We now are daily expecting to hear from England: & through my father's letters I
trust to know your family are in health. To Dr Boott, Miss B, Frank & the rest, I beg
you to present my kind compliments & tell the former that I have 4 species of Carex.
from this Island & several new ones from New Zealand.
(signed) J.D.Hooker.
(Joseph says that the grass, mentioned above, is "probably Sprengel's Carex trifida."
ENDNOTES
1. This letter is a copy written in a hand not that of the original author, JDH. The
copy was probably made by JDH's mother or sister so that a version could be
circulated amongst family and friends.
2. Mrs Mary Boott nee Hardcastle (1794/5--1850). Daughter of the botanist Lucy
Hardcastle who may have been an illegitimate child of Erasmus Darwin. Married in
1820 to Francis Boott a practicing doctor and botanist who published a monograph
on the genus Carex.
3. Dr Francis Boott (1792--1863). American doctor and botanist who lived in England
from 1820. His botanical studies were confined to the Genus Carex. His monograph
of 158 species of Carex was printed in Sir William Jackson Hooker's Flora BorealiAmericana. Fellow and sometime Treasurer and Secretary of the Linnean Society.

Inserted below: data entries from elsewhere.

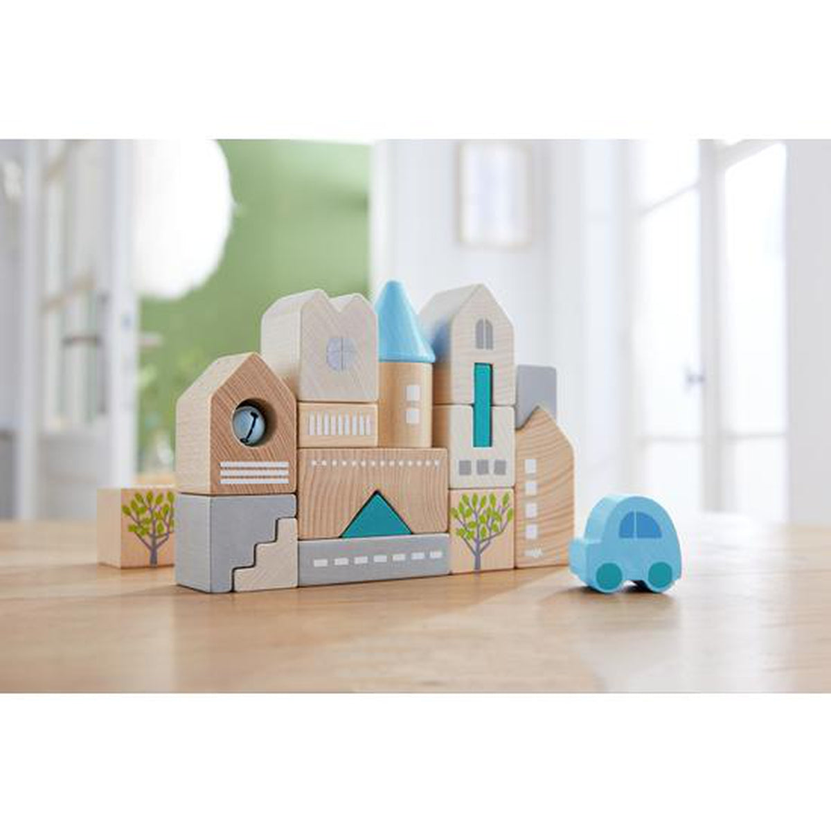The HABA company headquarters has always been located in Bad Rodach, Upper Franconia. This building block set allows you to recreate the town with its characteristic skyline. The different turrets, roofs and staircases allow young builders to vary their constructions. At the same time, the activity encourages three-dimensional thinking.
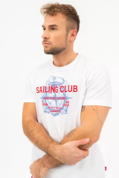 Regular fit férfi póló . Nyomott mintával díszített.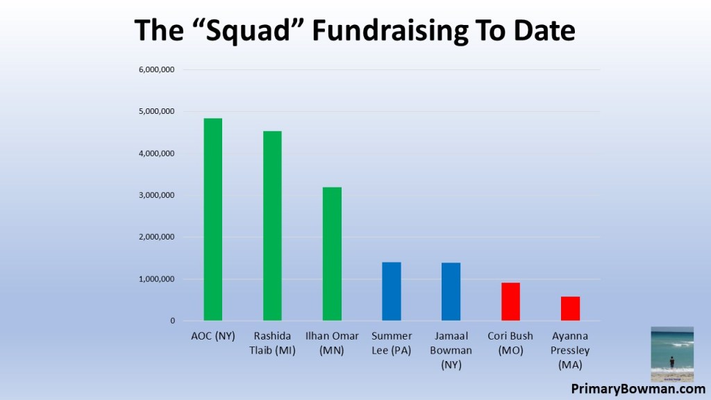 It is interesting to look at the overall fundraising for the candidates as well. AOC continues to be the major fundraiser as she’s been for years. However, this year, Rashida Tlaib and Ilhan Omar are close behind, likely because of Democrats funding the two Muslim members of congress who are upset about the destruction in Gaza (rather than disgust for Hamas). Cori Bush and Ayanna Pressley have barely been able to raise any money.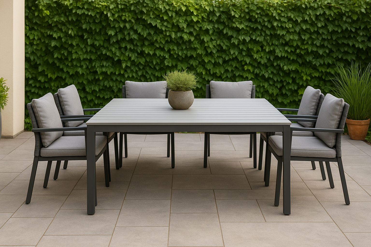 Wybór zależy od charakteru ogrodu. W nowoczesnych, geometrycznych aranżacjach często spotyka się modele z wyraźnie prostym, minimalistycznym blatem, takich jak nowoczesny zestaw na taras do wspólnych posiłków, który dobrze komponuje się z liniami pergoli i zabudowy tarasu.

4. Richard Clement Moody (1813--1887). Colonel in the Royal engineers. British
Governor of the Falkland Islands from 1841-1849.
5. Jules Sébastien César Dumont d'Urville (1790 -- 1842).French explorer, naval
officer who explored the south and western Pacific, Australia, New Zealand and
Antarctica. As a botanist and cartographer he left his mark, giving his name to
several seaweeds, plants and shrubs, and places such as D'Urville Island.